DZone Snippets is a public source code repository. Easily build up your personal collection of code snippets, categorize them with tags / keywords, and share them with the world

Snippets has posted 5883 posts at DZone. View Full User Profile

09.17.2008
| 3436 views |
        The classical birthday paradox calculates the probability that any two items within a set share the same value.  For example, in a room of 23 people, there is a 50% chance that there exists a pair of people with the same birthday.  This is because there are n(n-1)/2 pairs of people in the room to form a collision.

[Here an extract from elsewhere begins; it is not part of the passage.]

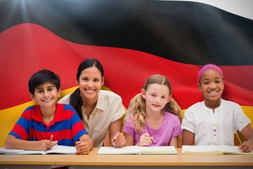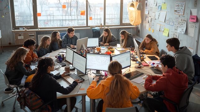 Diverse group of students working together on a computer based academic assignment in a warm cozy and inviting vintage style classroom setting with expressive brushwork and lighting

The two-way birthday paradox occurs when there are two groups of items.  Specifically, it describes the probability that there exists an item in set A with the same value as an item in set B.  At first this sounds easy to calculate, but better mathematicians than I have proven me wrong. So I present to you the algorithm for calculating this probability.

p_0=\frac{1}{d^{m+n}}\sum_{i=1}^{m}\sum_{j=1}^{n}S_2(m,i)S_2(n,j)\prod_{k=0}^{i+j-1}d-k

http://en.wikipedia.org/wiki/Birthday_paradox (Under: Generalization to multiple types)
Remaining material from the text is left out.